--- DATA FOR THIS TASK Enclosed Below ---

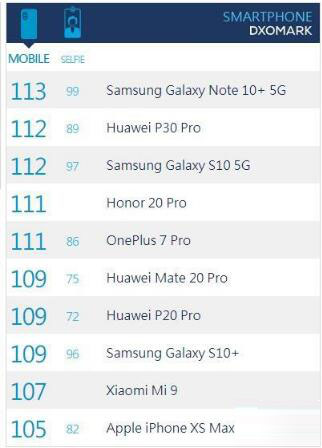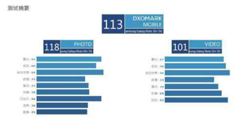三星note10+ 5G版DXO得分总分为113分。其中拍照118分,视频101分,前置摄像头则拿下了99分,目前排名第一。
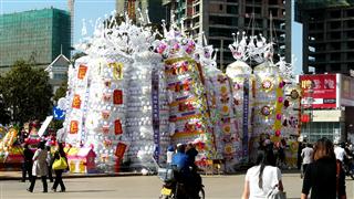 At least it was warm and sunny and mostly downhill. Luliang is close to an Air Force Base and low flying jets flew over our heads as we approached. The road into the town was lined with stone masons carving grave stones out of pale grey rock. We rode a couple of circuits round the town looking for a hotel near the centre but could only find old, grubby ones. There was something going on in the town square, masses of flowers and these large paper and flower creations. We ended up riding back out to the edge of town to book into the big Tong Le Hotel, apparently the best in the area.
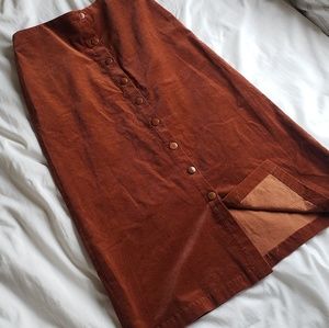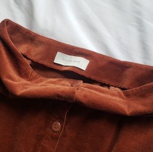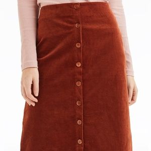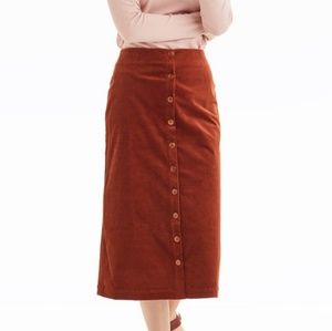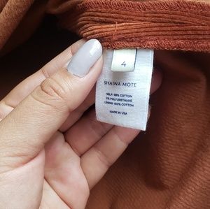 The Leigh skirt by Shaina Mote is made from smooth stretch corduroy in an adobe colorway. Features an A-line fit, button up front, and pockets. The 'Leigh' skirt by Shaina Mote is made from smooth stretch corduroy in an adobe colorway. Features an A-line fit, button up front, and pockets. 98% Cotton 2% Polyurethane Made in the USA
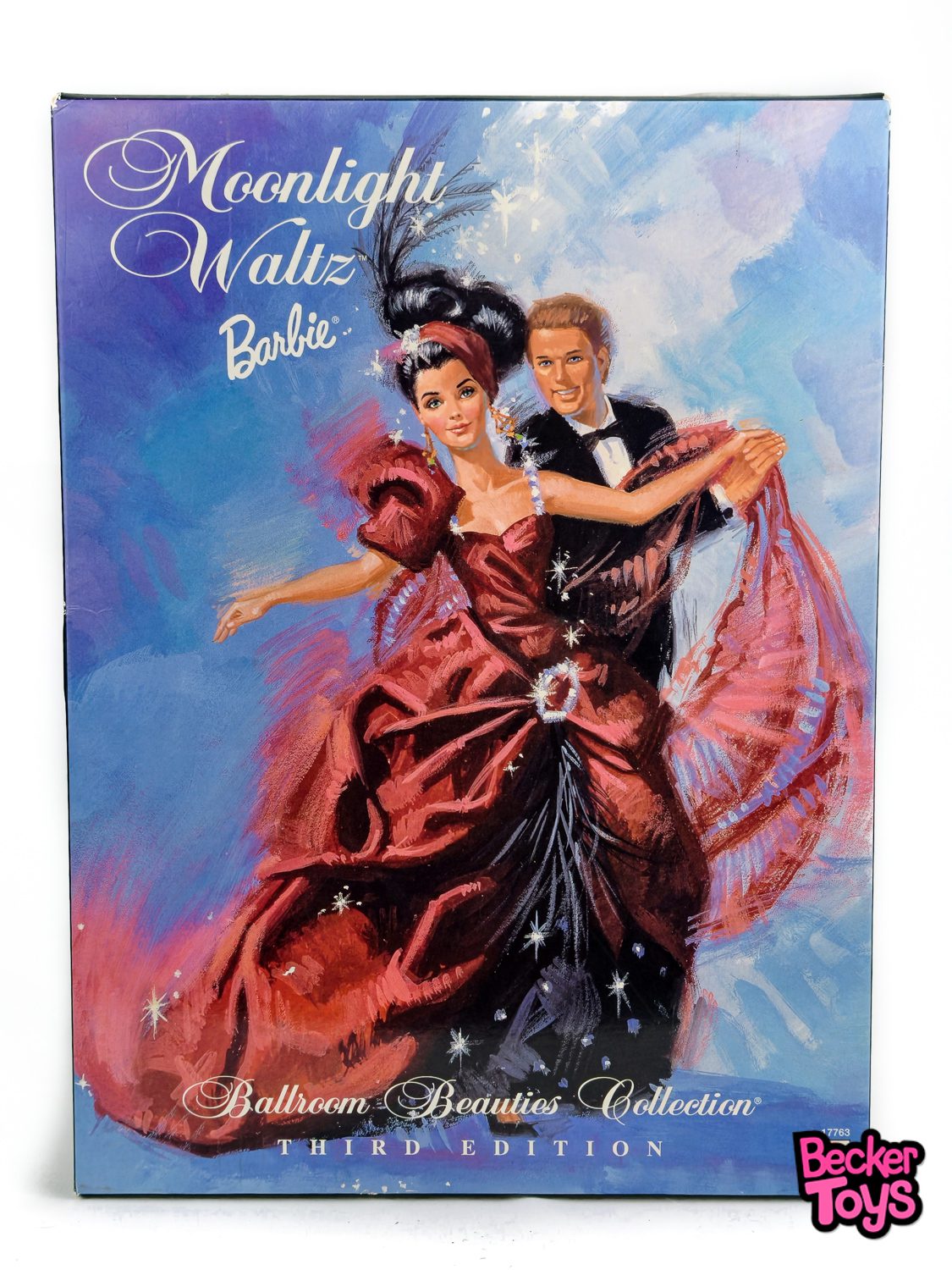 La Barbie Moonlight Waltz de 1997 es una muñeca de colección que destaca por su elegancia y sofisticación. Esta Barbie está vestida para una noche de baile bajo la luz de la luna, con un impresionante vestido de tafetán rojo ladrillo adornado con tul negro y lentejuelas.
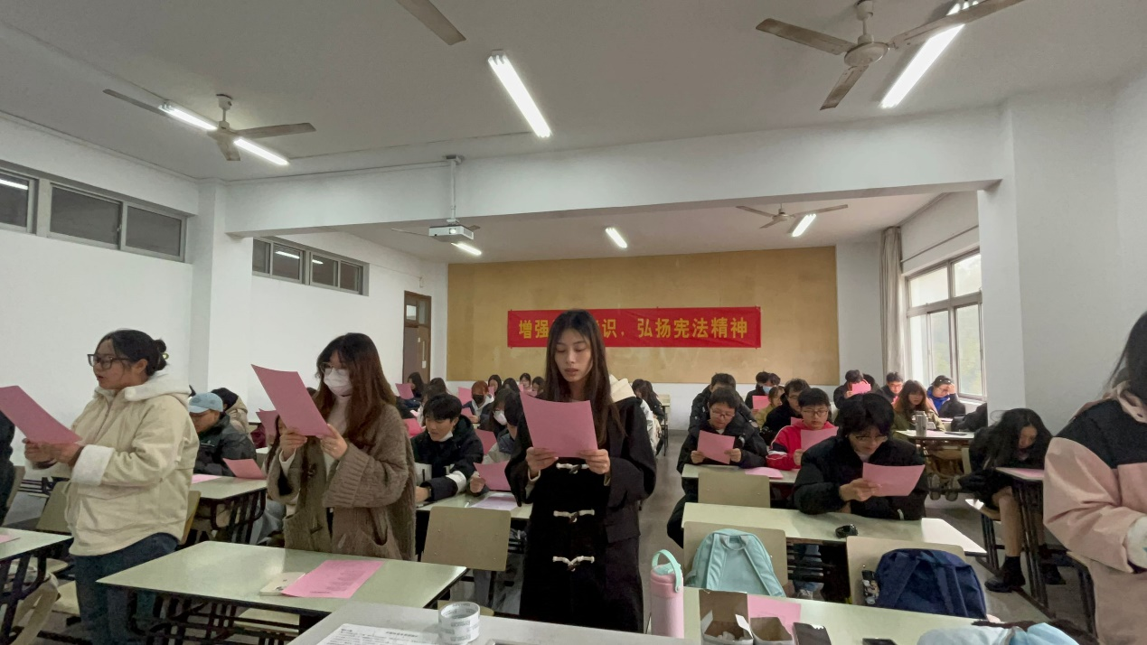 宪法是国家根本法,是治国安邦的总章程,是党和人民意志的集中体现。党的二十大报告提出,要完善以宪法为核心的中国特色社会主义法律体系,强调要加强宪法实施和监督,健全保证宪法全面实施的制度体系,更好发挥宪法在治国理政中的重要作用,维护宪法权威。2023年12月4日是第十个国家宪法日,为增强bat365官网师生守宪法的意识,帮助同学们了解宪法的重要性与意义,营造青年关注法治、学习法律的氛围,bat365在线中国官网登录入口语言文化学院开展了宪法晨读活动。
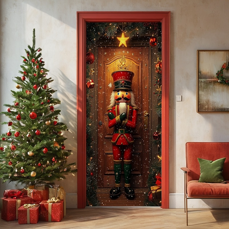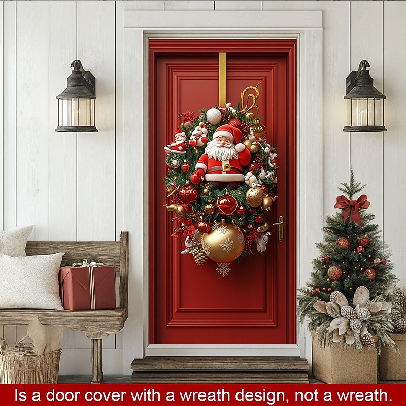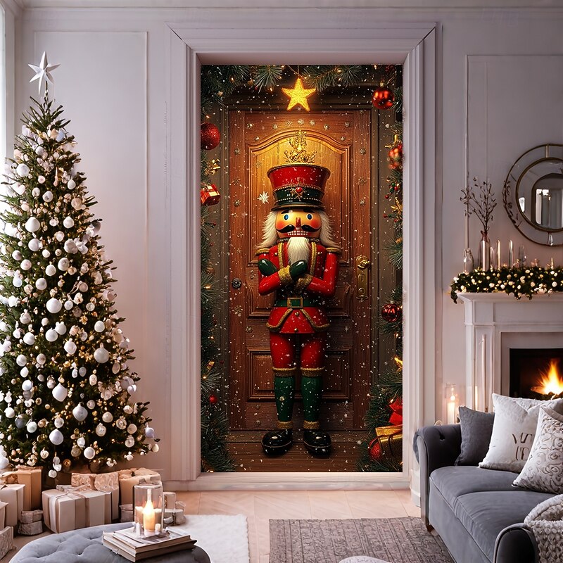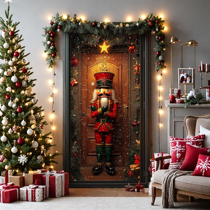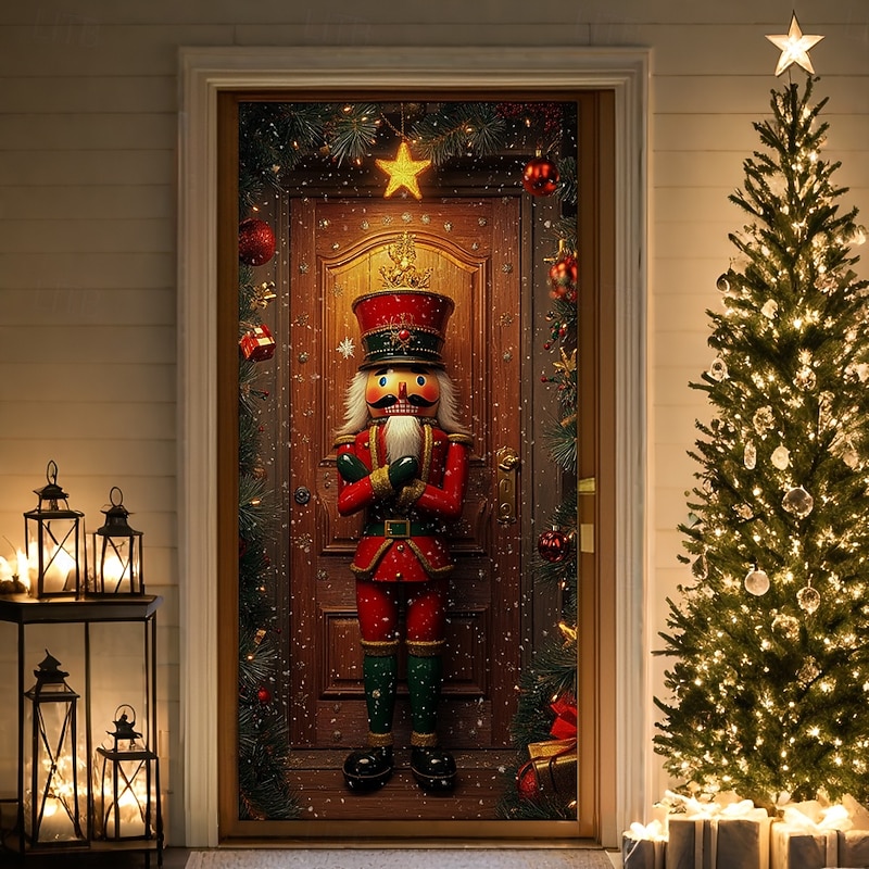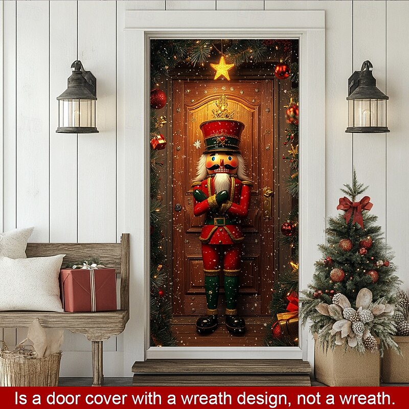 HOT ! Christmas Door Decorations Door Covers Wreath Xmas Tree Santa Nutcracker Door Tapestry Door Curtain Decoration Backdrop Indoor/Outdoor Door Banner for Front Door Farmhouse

--- End of Enclosed DATA FOR THIS TASK ---

*WORK REQUIRED:* The preceding entries are to be returned verbatim, with every picture excluded.

*OUTPUT FOR THIS EXERCISE:*
三星note10+ 5G版DXO得分总分为113分。其中拍照118分,视频101分,前置摄像头则拿下了99分,目前排名第一。
 At least it was warm and sunny and mostly downhill. Luliang is close to an Air Force Base and low flying jets flew over our heads as we approached. The road into the town was lined with stone masons carving grave stones out of pale grey rock. We rode a couple of circuits round the town looking for a hotel near the centre but could only find old, grubby ones. There was something going on in the town square, masses of flowers and these large paper and flower creations. We ended up riding back out to the edge of town to book into the big Tong Le Hotel, apparently the best in the area.
 The Leigh skirt by Shaina Mote is made from smooth stretch corduroy in an adobe colorway. Features an A-line fit, button up front, and pockets. The 'Leigh' skirt by Shaina Mote is made from smooth stretch corduroy in an adobe colorway. Features an A-line fit, button up front, and pockets. 98% Cotton 2% Polyurethane Made in the USA
 La Barbie Moonlight Waltz de 1997 es una muñeca de colección que destaca por su elegancia y sofisticación. Esta Barbie está vestida para una noche de baile bajo la luz de la luna, con un impresionante vestido de tafetán rojo ladrillo adornado con tul negro y lentejuelas.
 宪法是国家根本法,是治国安邦的总章程,是党和人民意志的集中体现。党的二十大报告提出,要完善以宪法为核心的中国特色社会主义法律体系,强调要加强宪法实施和监督,健全保证宪法全面实施的制度体系,更好发挥宪法在治国理政中的重要作用,维护宪法权威。2023年12月4日是第十个国家宪法日,为增强bat365官网师生守宪法的意识,帮助同学们了解宪法的重要性与意义,营造青年关注法治、学习法律的氛围,bat365在线中国官网登录入口语言文化学院开展了宪法晨读活动。
 HOT ! Christmas Door Decorations Door Covers Wreath Xmas Tree Santa Nutcracker Door Tapestry Door Curtain Decoration Backdrop Indoor/Outdoor Door Banner for Front Door Farmhouse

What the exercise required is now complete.